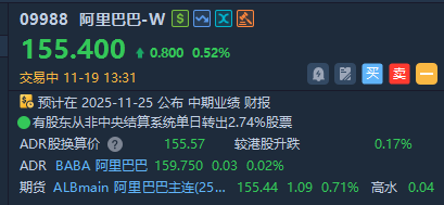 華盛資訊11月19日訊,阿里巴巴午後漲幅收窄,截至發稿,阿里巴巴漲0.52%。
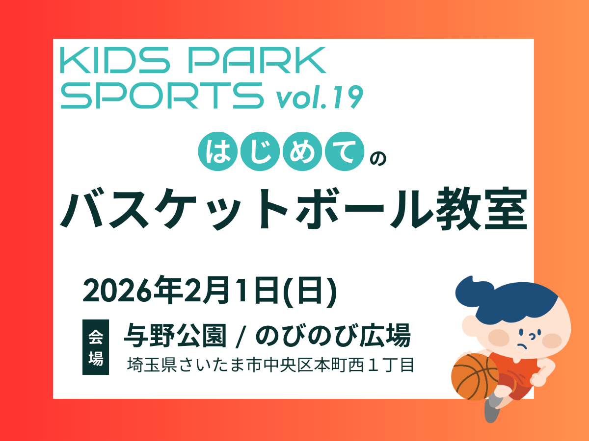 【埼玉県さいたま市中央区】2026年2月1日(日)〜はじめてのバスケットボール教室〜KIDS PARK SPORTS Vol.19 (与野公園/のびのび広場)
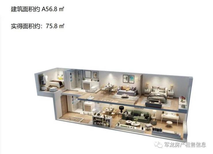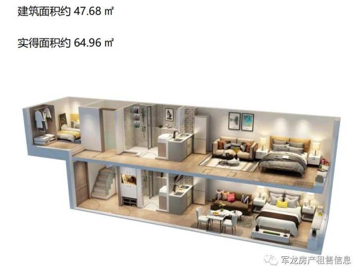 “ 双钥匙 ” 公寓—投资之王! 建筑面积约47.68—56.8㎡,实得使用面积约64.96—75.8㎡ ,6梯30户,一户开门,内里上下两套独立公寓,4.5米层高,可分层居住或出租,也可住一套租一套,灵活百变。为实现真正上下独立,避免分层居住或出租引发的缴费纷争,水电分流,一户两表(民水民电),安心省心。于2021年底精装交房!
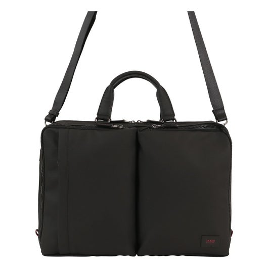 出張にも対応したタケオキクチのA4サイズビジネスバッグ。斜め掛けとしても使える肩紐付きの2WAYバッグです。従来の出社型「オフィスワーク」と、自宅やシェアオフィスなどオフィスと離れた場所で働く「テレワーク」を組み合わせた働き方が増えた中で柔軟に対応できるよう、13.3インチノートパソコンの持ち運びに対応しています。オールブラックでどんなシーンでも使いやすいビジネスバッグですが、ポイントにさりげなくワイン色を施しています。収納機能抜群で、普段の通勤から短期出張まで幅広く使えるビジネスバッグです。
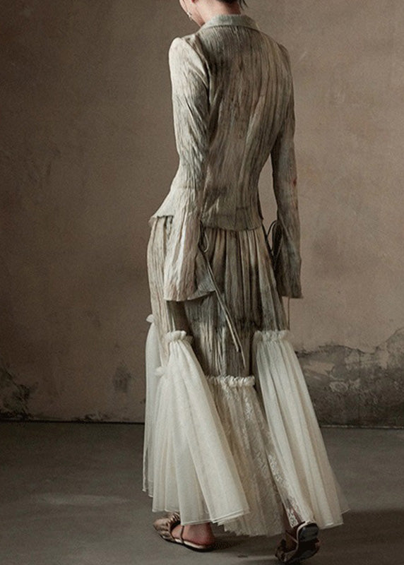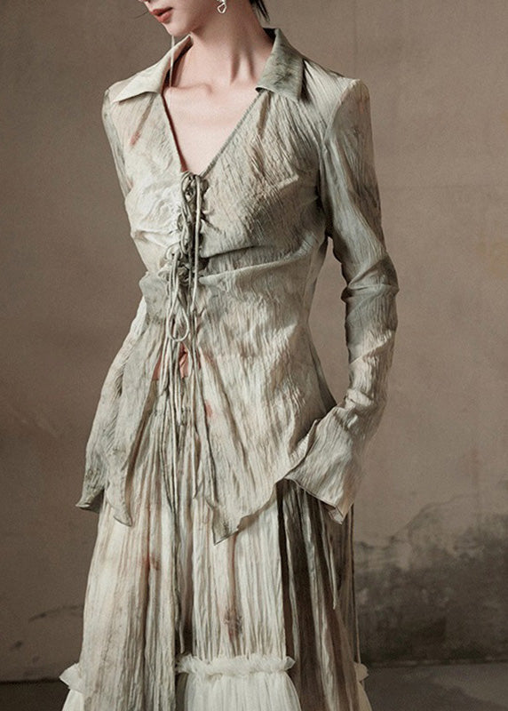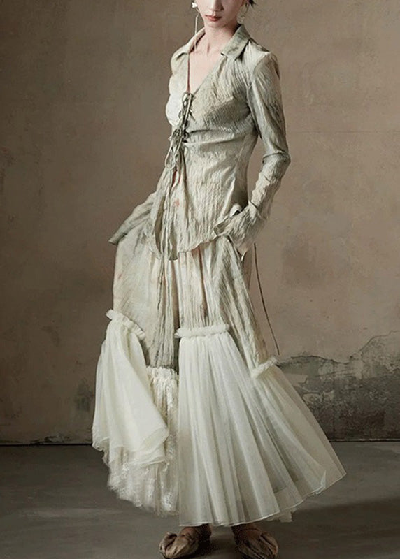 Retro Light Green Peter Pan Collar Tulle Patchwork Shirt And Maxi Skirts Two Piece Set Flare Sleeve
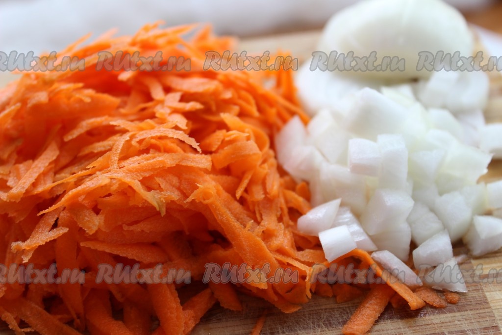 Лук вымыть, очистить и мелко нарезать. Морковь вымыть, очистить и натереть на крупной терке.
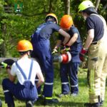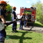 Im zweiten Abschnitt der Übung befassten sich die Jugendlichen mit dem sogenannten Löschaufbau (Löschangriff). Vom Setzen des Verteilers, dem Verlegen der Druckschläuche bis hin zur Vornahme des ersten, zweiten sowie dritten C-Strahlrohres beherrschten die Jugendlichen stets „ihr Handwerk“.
════════════════════
Description of the task
When you retype the data above, match every line exactly and leave the pictures behind.

Response
 華盛資訊11月19日訊,阿里巴巴午後漲幅收窄,截至發稿,阿里巴巴漲0.52%。
 【埼玉県さいたま市中央区】2026年2月1日(日)〜はじめてのバスケットボール教室〜KIDS PARK SPORTS Vol.19 (与野公園/のびのび広場)
 “ 双钥匙 ” 公寓—投资之王! 建筑面积约47.68—56.8㎡,实得使用面积约64.96—75.8㎡ ,6梯30户,一户开门,内里上下两套独立公寓,4.5米层高,可分层居住或出租,也可住一套租一套,灵活百变。为实现真正上下独立,避免分层居住或出租引发的缴费纷争,水电分流,一户两表(民水民电),安心省心。于2021年底精装交房!
 出張にも対応したタケオキクチのA4サイズビジネスバッグ。斜め掛けとしても使える肩紐付きの2WAYバッグです。従来の出社型「オフィスワーク」と、自宅やシェアオフィスなどオフィスと離れた場所で働く「テレワーク」を組み合わせた働き方が増えた中で柔軟に対応できるよう、13.3インチノートパソコンの持ち運びに対応しています。オールブラックでどんなシーンでも使いやすいビジネスバッグですが、ポイントにさりげなくワイン色を施しています。収納機能抜群で、普段の通勤から短期出張まで幅広く使えるビジネスバッグです。
 Retro Light Green Peter Pan Collar Tulle Patchwork Shirt And Maxi Skirts Two Piece Set Flare Sleeve
 Лук вымыть, очистить и мелко нарезать. Морковь вымыть, очистить и натереть на крупной терке.
 Im zweiten Abschnitt der Übung befassten sich die Jugendlichen mit dem sogenannten Löschaufbau (Löschangriff). Vom Setzen des Verteilers, dem Verlegen der Druckschläuche bis hin zur Vornahme des ersten, zweiten sowie dritten C-Strahlrohres beherrschten die Jugendlichen stets „ihr Handwerk“.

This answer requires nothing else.